## Brief
Where does the word "with" show up in the data? Please find each such line and copy it.

## Data shown

##########

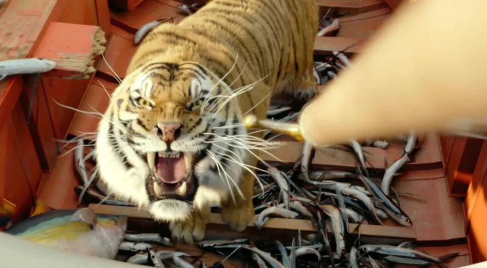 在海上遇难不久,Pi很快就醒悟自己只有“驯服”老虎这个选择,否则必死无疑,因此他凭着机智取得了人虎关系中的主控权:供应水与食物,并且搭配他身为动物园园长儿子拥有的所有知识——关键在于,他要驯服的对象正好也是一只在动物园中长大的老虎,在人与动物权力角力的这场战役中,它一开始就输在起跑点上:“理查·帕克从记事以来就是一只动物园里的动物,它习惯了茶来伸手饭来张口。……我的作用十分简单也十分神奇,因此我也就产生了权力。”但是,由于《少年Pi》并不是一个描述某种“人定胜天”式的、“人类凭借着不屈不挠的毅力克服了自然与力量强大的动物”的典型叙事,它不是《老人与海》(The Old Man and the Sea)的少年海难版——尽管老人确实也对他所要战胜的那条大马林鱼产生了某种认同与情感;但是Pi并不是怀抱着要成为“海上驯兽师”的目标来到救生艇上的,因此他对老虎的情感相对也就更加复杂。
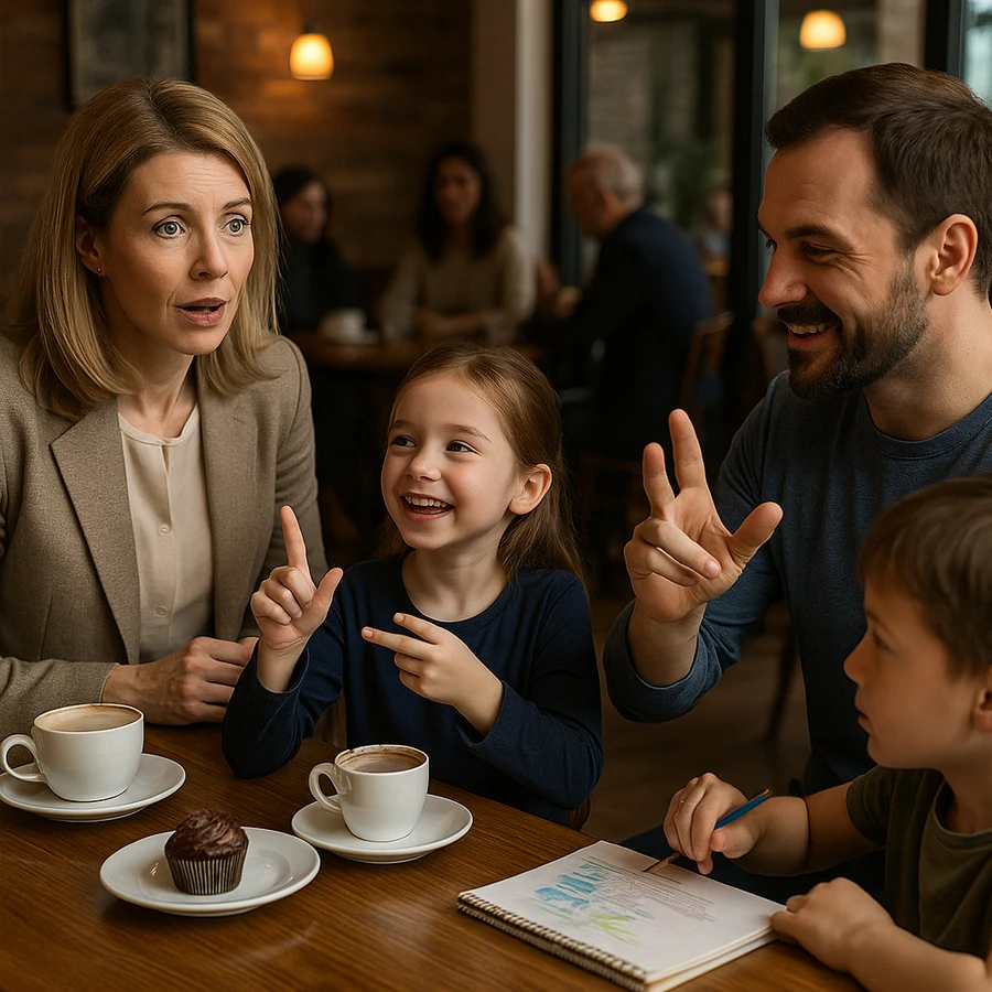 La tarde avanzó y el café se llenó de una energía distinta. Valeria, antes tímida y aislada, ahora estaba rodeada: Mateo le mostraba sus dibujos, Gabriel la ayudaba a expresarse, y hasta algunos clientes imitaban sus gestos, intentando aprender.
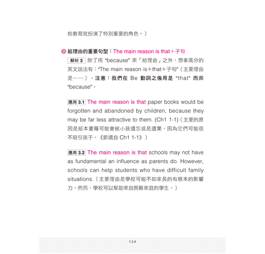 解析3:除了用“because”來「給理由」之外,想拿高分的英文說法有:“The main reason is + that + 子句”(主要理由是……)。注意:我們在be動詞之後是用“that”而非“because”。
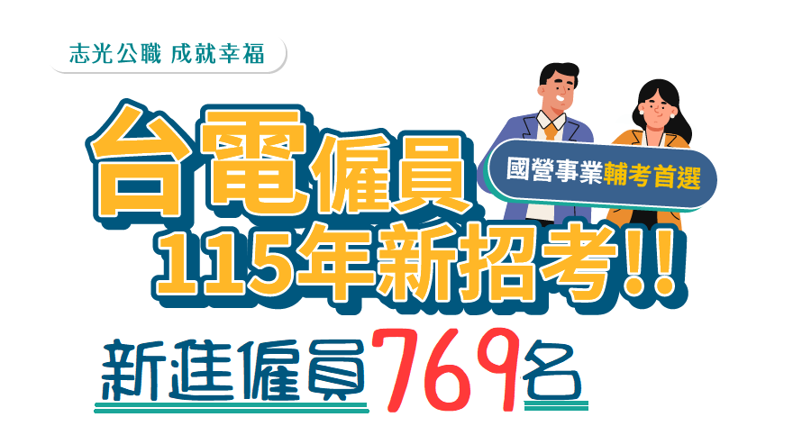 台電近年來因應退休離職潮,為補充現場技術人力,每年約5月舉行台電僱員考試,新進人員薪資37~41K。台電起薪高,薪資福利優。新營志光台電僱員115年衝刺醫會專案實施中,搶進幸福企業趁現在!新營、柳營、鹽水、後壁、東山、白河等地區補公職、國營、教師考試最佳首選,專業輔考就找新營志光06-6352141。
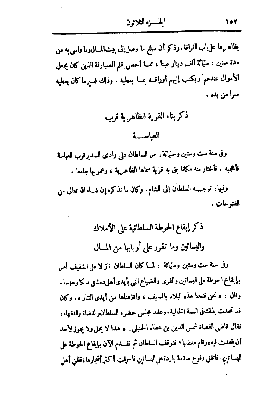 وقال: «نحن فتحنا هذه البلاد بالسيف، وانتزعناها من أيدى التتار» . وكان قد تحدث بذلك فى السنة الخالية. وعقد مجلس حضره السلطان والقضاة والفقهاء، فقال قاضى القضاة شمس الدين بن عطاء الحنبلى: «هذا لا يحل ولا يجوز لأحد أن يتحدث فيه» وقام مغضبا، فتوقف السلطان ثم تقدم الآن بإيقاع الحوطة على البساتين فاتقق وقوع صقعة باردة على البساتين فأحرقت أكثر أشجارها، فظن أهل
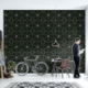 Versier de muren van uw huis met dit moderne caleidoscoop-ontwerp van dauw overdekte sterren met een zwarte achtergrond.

##########

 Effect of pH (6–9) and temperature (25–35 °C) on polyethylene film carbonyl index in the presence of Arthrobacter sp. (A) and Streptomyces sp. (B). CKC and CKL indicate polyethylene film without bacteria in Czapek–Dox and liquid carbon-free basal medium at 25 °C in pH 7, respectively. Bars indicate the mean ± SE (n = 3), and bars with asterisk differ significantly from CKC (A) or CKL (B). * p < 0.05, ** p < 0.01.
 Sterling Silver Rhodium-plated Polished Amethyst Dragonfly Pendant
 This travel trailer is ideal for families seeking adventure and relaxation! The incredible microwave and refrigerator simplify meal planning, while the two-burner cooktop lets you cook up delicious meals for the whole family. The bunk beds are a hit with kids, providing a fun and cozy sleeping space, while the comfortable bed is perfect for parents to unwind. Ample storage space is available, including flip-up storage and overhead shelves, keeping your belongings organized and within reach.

##########

## Solution
 Effect of pH (6–9) and temperature (25–35 °C) on polyethylene film carbonyl index in the presence of Arthrobacter sp. (A) and Streptomyces sp. (B). CKC and CKL indicate polyethylene film without bacteria in Czapek–Dox and liquid carbon-free basal medium at 25 °C in pH 7, respectively. Bars indicate the mean ± SE (n = 3), and bars with asterisk differ significantly from CKC (A) or CKL (B). * p < 0.05, ** p < 0.01.
 This travel trailer is ideal for families seeking adventure and relaxation! The incredible microwave and refrigerator simplify meal planning, while the two-burner cooktop lets you cook up delicious meals for the whole family. The bunk beds are a hit with kids, providing a fun and cozy sleeping space, while the comfortable bed is perfect for parents to unwind. Ample storage space is available, including flip-up storage and overhead shelves, keeping your belongings organized and within reach.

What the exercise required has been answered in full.